The country had just begun to cr

awl up out of the Great Depression, and that Christmas night in Rockefeller Square, I think people weren’t just celebrating the birth of Jesus, they were celebrating the rebirth of America. Mother and I waited in line for hours to skate, dragging our battered little suitcases with us. I didn’t mind the wait; I was giddy with the sights and sounds and glamour of it all. Finally, when we got up to the front of the line, Mother told me that she wasn’t going to skate; she would stay with our suitcases and just watch me. She asked a boy in line behind us if he’d help me get the hang of it. He was about my age, maybe a year or two older. Old enough to be interesting to me; not so old as to be scary. He held my hand and pulled me along, wobbling and shrieking and laughing. Every time we made a lap past the place where Mother was standing beside the rail, she’d wave and yell something encouraging.

And then the boy let go of my hand, and I was skating by myself. It was terrifying and thrilling — I’m sure I was just inching along, but it felt so daring and grown-up, and I couldn’t wait to circle back around and see Mother’s face when she realized I was doing it without any help. But her face wasn’t there. The fat man in the red scarf, who had been standing right beside her, was still there; so was the nun who had been on the other side. But she was gone, and the space where she had been standing was already closing up behind her.

I slid past the fat man and the nun — I was confused, and I also didn’t know how to stop — and went around the rink once more.
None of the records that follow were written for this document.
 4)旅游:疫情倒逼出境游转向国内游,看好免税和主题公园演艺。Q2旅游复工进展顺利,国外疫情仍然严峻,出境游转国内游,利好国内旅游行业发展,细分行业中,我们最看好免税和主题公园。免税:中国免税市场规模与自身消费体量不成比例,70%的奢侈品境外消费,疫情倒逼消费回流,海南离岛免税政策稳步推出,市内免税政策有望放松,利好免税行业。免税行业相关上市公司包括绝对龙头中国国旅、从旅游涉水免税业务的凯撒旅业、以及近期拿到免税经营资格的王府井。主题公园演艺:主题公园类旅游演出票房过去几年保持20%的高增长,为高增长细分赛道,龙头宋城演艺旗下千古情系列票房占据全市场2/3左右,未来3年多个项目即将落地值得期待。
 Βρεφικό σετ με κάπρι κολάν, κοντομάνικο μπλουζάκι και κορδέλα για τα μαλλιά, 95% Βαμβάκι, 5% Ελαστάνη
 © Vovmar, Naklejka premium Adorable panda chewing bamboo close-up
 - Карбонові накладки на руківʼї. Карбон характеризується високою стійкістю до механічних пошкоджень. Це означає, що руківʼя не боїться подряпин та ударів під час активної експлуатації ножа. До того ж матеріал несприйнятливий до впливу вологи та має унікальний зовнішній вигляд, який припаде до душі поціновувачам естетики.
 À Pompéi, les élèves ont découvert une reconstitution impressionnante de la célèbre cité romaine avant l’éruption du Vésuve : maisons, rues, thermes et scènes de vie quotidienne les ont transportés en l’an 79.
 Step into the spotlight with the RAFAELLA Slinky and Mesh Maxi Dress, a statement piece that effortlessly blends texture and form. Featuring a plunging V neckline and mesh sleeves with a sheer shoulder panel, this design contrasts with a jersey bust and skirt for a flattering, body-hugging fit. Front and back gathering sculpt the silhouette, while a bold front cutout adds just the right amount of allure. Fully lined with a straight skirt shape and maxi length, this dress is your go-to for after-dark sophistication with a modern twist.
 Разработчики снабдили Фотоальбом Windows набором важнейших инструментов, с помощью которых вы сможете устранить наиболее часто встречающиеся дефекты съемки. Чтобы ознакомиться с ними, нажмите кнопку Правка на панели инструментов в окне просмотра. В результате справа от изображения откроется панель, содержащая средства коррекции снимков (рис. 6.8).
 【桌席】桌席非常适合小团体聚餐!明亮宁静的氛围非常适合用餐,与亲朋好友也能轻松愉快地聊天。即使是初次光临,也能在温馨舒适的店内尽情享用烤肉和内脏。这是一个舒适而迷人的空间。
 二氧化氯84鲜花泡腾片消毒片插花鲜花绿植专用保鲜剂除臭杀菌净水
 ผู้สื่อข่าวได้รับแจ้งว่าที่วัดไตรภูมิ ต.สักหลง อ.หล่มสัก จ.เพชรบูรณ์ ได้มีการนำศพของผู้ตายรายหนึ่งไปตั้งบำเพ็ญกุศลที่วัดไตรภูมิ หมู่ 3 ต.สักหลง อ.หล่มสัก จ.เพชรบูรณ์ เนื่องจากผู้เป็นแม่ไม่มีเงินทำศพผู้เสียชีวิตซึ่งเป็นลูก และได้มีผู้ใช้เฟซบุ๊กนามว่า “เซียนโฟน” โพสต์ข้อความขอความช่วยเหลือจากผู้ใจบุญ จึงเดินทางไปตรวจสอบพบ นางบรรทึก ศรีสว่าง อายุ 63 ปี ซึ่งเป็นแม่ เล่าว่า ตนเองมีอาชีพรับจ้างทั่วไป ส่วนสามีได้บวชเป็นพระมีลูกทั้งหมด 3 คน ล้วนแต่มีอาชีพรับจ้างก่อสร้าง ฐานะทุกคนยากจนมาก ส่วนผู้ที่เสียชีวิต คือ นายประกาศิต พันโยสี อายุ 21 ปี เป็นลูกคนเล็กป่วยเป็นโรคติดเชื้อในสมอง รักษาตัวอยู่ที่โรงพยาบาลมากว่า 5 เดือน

The second time I came around, I ran into the rail to stop. I was still a few feet away from the two faces I recognized, so I pulled myself along the rail, my feet sliding out from under me again and again. I remember people laughing and pointing every time I caught myself on the rail and then hauled myself back up. By the time I got to the fat man and the nun, my heart had turned to ice, and I could feel tears running down my face — not because people were laughing at me, but because I knew something was wrong.